To assess the performance of the novel methodology to predict medium-term municipal water demand in relation to some lags time of observed water consumption.
To reduce the uncertainty for decision makers by using a novel and refined model, which involves data pre-processing methods (to improve the quality of data and select the model input), and employing a more sophisticated approach for model prediction (using combined techniques to enhance the accuracy of results, and the stand-alone ANN to confirm the results of the hybrid model).

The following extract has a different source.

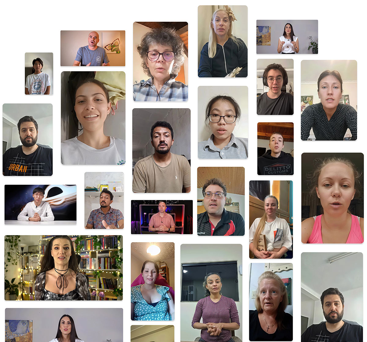 Our avatars are real people filmed on location—teachers, professionals, everyday humans. No synthetic faces. No uncanny valley. Just authentic people digitized for AI-powered video creation.

Based on the literature review, the research is thought to be the first study that used this novel combined methodology, which includes data pre-processing and automated machine learning to forecast municipal water demand depending on some lags’ values of water consumption as model input. As such, it is considering the effect of all climate, demographic and socio-economic factors.

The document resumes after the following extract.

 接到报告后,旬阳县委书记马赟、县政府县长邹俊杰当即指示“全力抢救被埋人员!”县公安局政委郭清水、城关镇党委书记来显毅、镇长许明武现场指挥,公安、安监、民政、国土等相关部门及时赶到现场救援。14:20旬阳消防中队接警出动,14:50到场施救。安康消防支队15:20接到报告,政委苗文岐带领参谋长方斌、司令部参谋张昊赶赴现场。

In this manuscript, the performance of novel combined models that include pre-treatment signal, mutual information and the BSA-ANN technique were assessed to estimate the monthly municipal water needed based on previous water consumption. Historical data of monthly water consumption over ten years from the Gauteng province, South Africa, was utilized to build and evaluate the predictive model developed. The outcomes show that data pre-processing is a crucial step to enhance the quality of the data before feeding it into the model by denoising time series and selecting the best scenario of model input. Moreover, the hybrid BSA-ANN algorithm can be successfully applied to select optimum ANN hyperparameters, and it outperforms the CSA-ANN algorithm based on fitness function (RMSE). In addition, the ANN model (stand-alone) was used to decrease the uncertainty by validating the outcomes of the hybrid model (BSA-ANN). Moreover, the results confirm the appropriateness of the combined model to forecast water demand depending on the historical water consumption of a city under variability in climate and socio-economic factors, such the Gauteng province. The advantages of the proposed methodology are: easy to be implemented, high accuracy with less uncertainty, time-saving qualities, and applicability when the climate and socio-economic factors are missing (i.e., lost the information of factors that drive water demand). Hence, these results can accurately inform Rand Water (i.e., its decision makers and managers), helping this water utility company to better manage the existing municipal water system and to better plan for extensions in response to the increasing consumption, which would lead to better service and the better management of resources in the Gauteng province. Therefore, taking into consideration all the benefits mentioned before, we recommend that additional studies are conducted in other regions with similar or different climatic and socio-economic factors, or regions that lack climatic and socio-economic factors but have reliable water consumption data. Moreover, based on the outputs of the current study, we recommend exploring the use of different techniques of data pre-processing and several hybrid models in the simulation of municipal water demand depending on historical water consumption for other cities in the world due to the fact that there is no global method that surpasses all the models for predicting water demand.